What Memoir Writing Taught Me About Public Speaking

Hey guys — welcome back!

Last summer, I walked into my first memoir-writing class at Brown Pre-College with no idea what to expect. I thought we’d spend the weeks analyzing famous writers, maybe drafting a few personal essays. What I didn’t expect was that those hours around a seminar table would change the way I think about speaking in front of an audience.

One book we read in class, Marion Roach Smith’s The Memoir Project, had a line that stuck with me: “Be hospitable.” She wasn’t talking about setting out cookies or making your readers a cup of tea. She meant that every story you tell should welcome others in. Instead of shutting people out with too many private details or inside jokes, you create a space where they can see themselves in your experience. That idea became a bridge between writing and public speaking for me.

At first, memoir and public speaking seemed like two separate worlds: one private, the other public; one silent and written, the other spoken aloud. But the more I wrote about my own experiences and listened to my classmates share theirs, the more I realized they were built on the same foundations: voice, vulnerability, structure, and detail.

1. Voice Is Everything

In memoir, your voice is what makes the story yours. It’s not just what happened, but how you tell it — the rhythm, the perspective, the honesty between the lines. Public speaking works the same way. An audience doesn’t connect with perfect rhetoric; they connect with a voice that feels real. I used to think speaking meant sounding polished and impressive. Memoir taught me that it means sounding like yourself.

2. Vulnerability Builds Bridges

Good memoirs don’t pretend. They share the awkward, messy, sometimes painful parts of life. And that’s what makes them powerful. In a similar way, a speech becomes stronger when you allow your audience to see the cracks. I remember moments in debate and student parliament where I admitted nerves or uncertainty — and those ended up being the times when people came up afterward to say they felt the most connected. Vulnerability, I learned, isn’t weakness. It’s an invitation.

3. Story Is Structure

In class, we studied how a memoir needs a “red thread” — a movement from beginning to turning point to reflection. Speeches need the same. Facts and arguments alone don’t stay with people; stories do. Memoir writing gave me a better sense of how to lead an audience from start to finish, not with bullet points, but with a journey.

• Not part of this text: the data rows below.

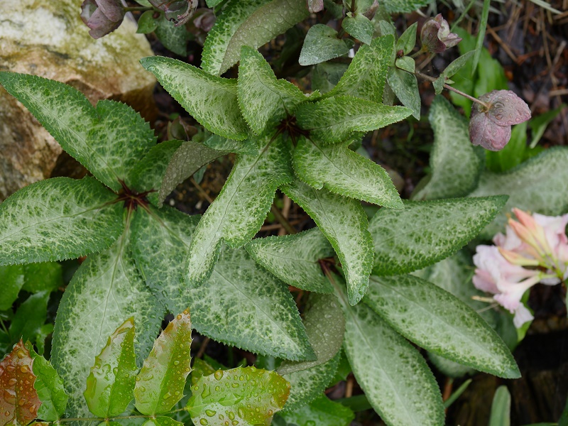 'Dorothy's Dawn' - oprócz ładnych kwiatów - ma piękne, marmurkowe liście. Niestety tak jak rodzic,
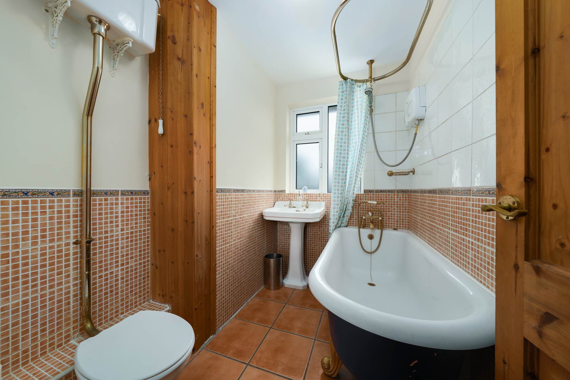 Cast iron traditional-style bathtub, brass fittings, W.C., W.H.B., power shower, pine fittings, tiled floor and walls.
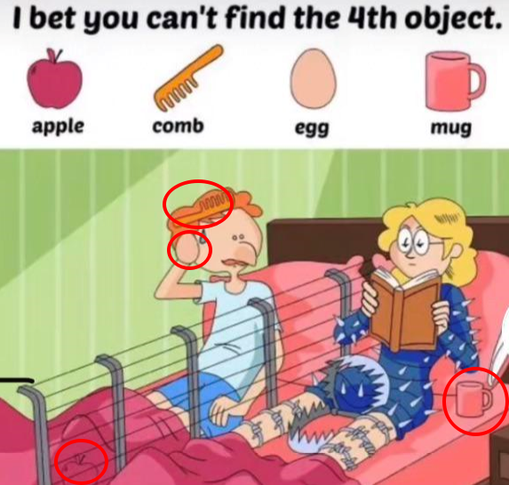 So go ahead, take a closer look, find the apple, comb, egg, and mug—and enjoy every second of the challenge.

4. Details Make the Difference

One of my professor’s constant reminders was: “Zoom in.” A memoir isn’t about saying “I was nervous.” It’s about describing the way your hand shook as you reached for the doorknob. Those small, sensory details are what make a story feel alive. Now, when I speak, I try to bring in those same images — a sound, a place, a feeling — because one vivid detail is often more powerful than a whole string of abstract sentences.

5. Be Hospitable

This was my favorite lesson from The Memoir Project: never write (or speak) as if your audience owes you their attention. Instead, invite them in. Hospitality in writing means shaping your story so that it’s not only about you, but also about the universal thread that connects to them. Hospitality in public speaking means remembering that your job is to serve the audience — not just to prove something, but to leave them with something.

A Final Reflection

Looking back, memoir class wasn’t just about writing; it reshaped the way I express myself. I came in hoping to learn how to put my life on paper. I left with a deeper understanding of how to bring my life into the room — whether through words written or words spoken!

Because in the end, every speech is, in its own way, a kind of memoir. Each time we speak, we’re telling the story of who we are, and inviting others to step into it.